On Wed, Jun 06, 2018 at 01:56:53PM +0800, bing.niu wrote:
> Hi Pavel,
> Thanks for your valuable inputs here. please see my respond.
> 
> On 2018年06月05日 20:11, Pavel Hrdina wrote:
> > On Tue, May 29, 2018 at 06:58:01PM +0800, bing.niu at intel.com wrote:
> > > From: Bing Niu <bing.niu at intel.com>
> > > 
> > > This series is to introduce RDT memory bandwidth allocation support by extending
> > > current virresctrl implementation.
> > > 
> > > The Memory Bandwidth Allocation (MBA) feature provides indirect and approximate
> > > control over memory bandwidth available per-core. This feature provides a method to
> > > control applications which may be over-utilizing bandwidth relative to their priority
> > > in environments such as the data-center. The details can be found in Intel's SDM 17.19.7.
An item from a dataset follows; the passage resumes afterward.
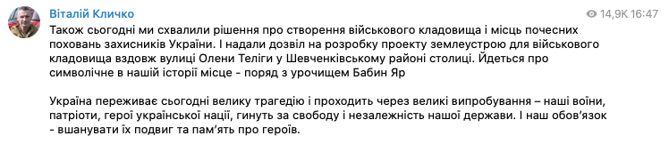 Кличко рассказал, что в Киеве появится отдельное кладбище для погибших защитников Украины. Фото: facebook/Vitaliy.Klychko
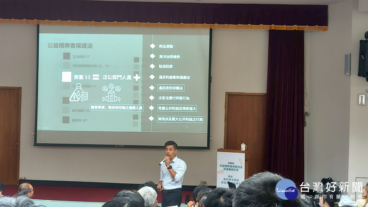 此次課程邀請法務部廉政署中調組廉政專員陳富豐擔任講師,以「公益揭弊保護法及貪瀆案例分享」為題,深入解析該法的立法目的、揭弊程序及權益保障,並以實際案例說明同仁在執行業務時應注意的風險與責任。陳富豐指出,揭弊制度不僅保障個人,更是健全社會廉能體制的重要基石,期勉與會人員在工作中能以依法行政為核心,避免誤觸法網。

> > > Kernel supports MBA through resctrl file system same as CAT. Each resctrl group have a
> > > MB parameter to control how much memory bandwidth it can utilize in unit of percentage.
> > > 
> > > In this series, MBA is enabled by enhancing existing virresctrl implementation. The
> > > policy employed for MBA is similar with CAT: The sum of each MBA group's bandwidth
> > > dose not exceed 100%. The enhancement of virresctrl include two parts:
> > > 
> > > Patch 1: Add two new structure virResctrlInfoMB and virResctrlAllocMB for collecting
> > >           host system MBA capability and domain memory bandwidth allocation.
> > > 
> > > Patch 2: On frontend XML parsing, add new element "llc" in cachetune section for
> > >           MBA allocation.
> > 
> > Hi,
> > 
> > Thanks for the patches.  Before we start with the actual implementation
> > it would be nice to agree on the design.
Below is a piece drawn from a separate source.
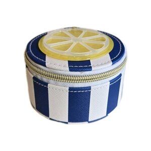 New Blue & White Stripped Miami Beach Lemon Slice Summer Travel Jewelry Box Case
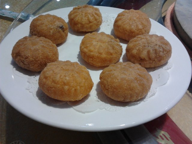 南瓜饼味道也不错,一开始看的时候还以为是月饼呢,做的很漂亮,外酥里嫩,糯糯的,很香。

> Total agree. The RFC code acts as baseline for discuss.
> > 
> > ------------------------------------------------------------------------
> > 
> > So first point is that we should do it similarly as the cache
> > allocation, we will not allow to "share" the bandwidth so the sum should
> > be 100% as you already have that in your patches, but we need to do it
> > in a way that in the future we can allow to "share" the bandwidth.
> > Yes, the memory bandwidth allocation policy is derived from existing CAT
> in libvirt. no share or overlap. In the patch, I follow the existing CAT
> behavior. When allocating memory bandwidth. First, calculate the unused
> memory bandwidth by subtracting all existing RDT groups. If we want to
> enable memory bandwidth sharing. We can just simply skip this part and do
> allocation directly.
> Could this fit your comment " we need to do it in a way that in the future
> we can allow to "share" the bandwidth."?
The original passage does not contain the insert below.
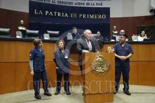 CIUDAD DE MÉXICO, 04DICIEMBRE2024.- Adán Augusto López, coordinador de los senadores de Morena, anuncio que partir del mes de enero de 2025 los trabajadores limpieza del Senado será contratados cómo trabajadores de base de la Cámara de Senadores, actualmente éstos trabajan en la modalidad de outsourcing. FOTO: CUARTOSCURO.COM
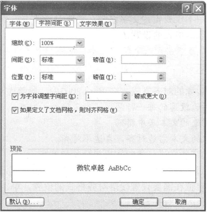 在“字体”对话框中单击“字符间距”标签,如图3-15所示,即可对文字之间的间距和位置进行设置。

> If there is anything missing or my understanding incorrect, Please point me
> out. :)

Sounds good to me.

> > Second point is how the XML will look like.  There are two parts, one is
> > the capabilities XML and second one is domain XML.
> > 
> > It looks like that your patches don't expose any information in
> > capabilities, we should do that in order to let management applications
> > know that the feature is available and what are the possible values that
> > they can use.
> > 
> > ------------------------------------------------------------------------
> > 
> > I've tried to configure MBA on one machine that I have access to witch
> > has this cpu: 'Intel(R) Xeon(R) Gold 6152 CPU @ 2.10GHz' and it behaves
> > strangely.  If I configure 'schemata' the output of 'pqos -s' command is
> > in some situations different:
> > 
> >      schemata                pqos -s output
> > 
> >      MB:0=10                 MBA COS0 => 10% available
> >      MB:0=20                 MBA COS0 => 20% available
> >      MB:0=30                 MBA COS0 => 30% available
> >      MB:0=40                 MBA COS0 => 40% available
> >      MB:0=50                 MBA COS0 => 50% available
> >      MB:0=60                 MBA COS0 => 60% available
> >      MB:0=70                 MBA COS0 => 90% available
> >      MB:0=80                 MBA COS0 => 90% available
> >      MB:0=90                 MBA COS0 => 90% available
> >      MB:0=100                MBA COS0 => 100% available
> > If you look at the table you can see that for values 70-90 the pqos
> > shows that the available bandwidth is 90%.
> > 
> > Tested using Fedora 28:
> > kernel-4.16.13-300.fc28.x86_64
> > intel-cmt-cat-1.2.0-2.fc28.x86_64
> > 
> hmm.., that is strange. I directly manipulate resctrl fs. So I didn't hit
> such kind of issue. I will take a look at this pqos package and let you
> know.

Yes, I was directly manipulating the resctrl fs as well and after the
modification to schemata file the content was correct, however, I wanted
to validate what was actually configured and in order to do that I used 
'pqos' tool.  The question now is whether that tool is broken or if you
configure some values the actual configuration is different.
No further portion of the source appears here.